Andy Fusniak about 7 years

Also, for Solution (1) if you want to use web hosting with a bucket then the bucket name must match the domain name.
AndreKR about 7 years

This is horrible advice. It's dangerous and specifically what the OP didn't want. See the answers by Andreas Stankewitz and BFar for feasible workarounds.
Ondrej Galbavý over 6 years

You should explicitly grant access to resources. When you default grant access to all resources, you can accidentally omit resources you want to keep private. Also granting access to all S3 actions means user can make resources public or setup static hosting or do other harmful things.
Dave Gregory over 6 years

s3:* grants access to do anything, including delete a bucket. Sure you want that?
Saurabh almost 6 years

I think this is the only feasible solution in 2018 also.
Steve Horvath about 5 years

This is the ONE CORRECT answer, all the others will list every bucket - that should be hidden as per the original request.
dzhg about 5 years

Exactly what I need. Thanks.
Rishikesh Chandra over 4 years

I can still see the list of all buckets.

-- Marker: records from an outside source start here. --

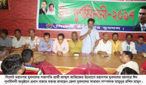 প্রধান বক্তার বক্তব্যে সিলেট জেলা যুবদলের সাধারন সম্পাদক মামুনুর রশিদ মামুন বলেন শেখ হাসিনার অধীনে বিএনপি নির্বাচনে যাবে না। সুষ্ঠু ও গ্রহণযোগ্য নির্বাচন এদেশের জনগণ এবং বিদেশী বন্ধুরাষ্ট্র ও উন্নয়নশীল দেশগুলো আশা করছে। ভোটাধিকার, গণতন্ত্র এবং অধিকার আদায়ে বিএনপি পিছ পা হবে না। তিনি নেতাকর্মীদের প্রস্তুত থাকার আহ্বান জানিয়ে বলেন, দেশনেত্রী বেগম খালেদা জিয়া যে কোন সময় গণতান্ত্রিক সরকার প্রতিষ্ঠা এবং সহায়ক সরকারের অধীনে নির্বাচনের দাবীতে আন্দোলনের ডাক দিবেন। নেতাকর্মীদের ত্যাগের মানসিকতা নিয়ে আগামী দিনের আন্দোলনে রাজপথে ঝাঁপিয়ে পড়তে হবে।
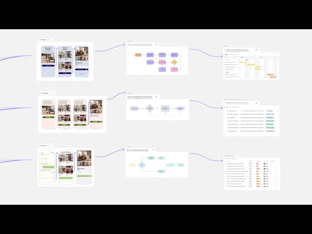 Teams move from thinking to doing without losing momentum. Convert sticky notes into tables, diagrams into documents, or mood boards into prototypes, all in one workspace.
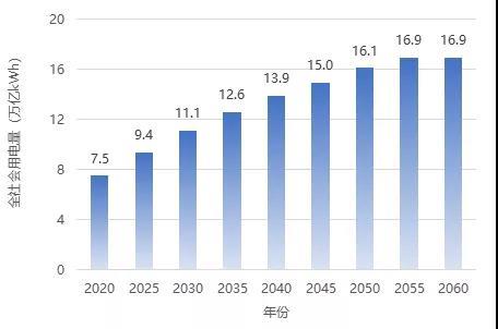 圖2 2020-2060年我國(guó)全社會(huì)用電總量變化趨勢(shì)
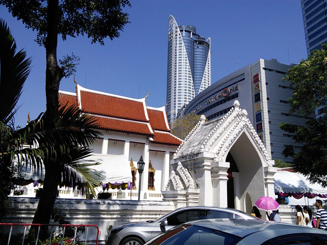 セントラルワールドとサイアムパラゴンの間にある寺院です。バンコクのど真ん中の一等地にある割には敷地は広くかなり贅沢な寺院とも言えます。しかし都心の宿命か多くの部分は駐車場として利用されてしまっています。
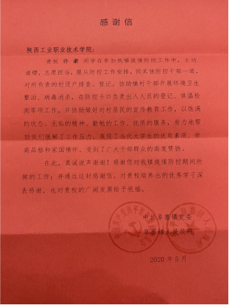 7月16日,航空工程学院收到兴平市阜寨镇政府和汉台区东关街道办事处对我院机电1802班许豪同学、机电1907班李一哲同学的两封表扬信,信中分别对两名同学的疫情防控志愿服务工作进行了表扬与感谢。

Not working :(
Rishikesh Chandra over 4 years

I can still see the list of all buckets. Not working :(
Yevgeniy Afanasyev almost 3 years

This policy contains the following error: A managed policy must have a version string For more information about the IAM policy grammar, see AWS IAM Policies
Jrm_FRL over 2 years

This answer does not fill the questioner's need. Don't understand why it has so many upvotes.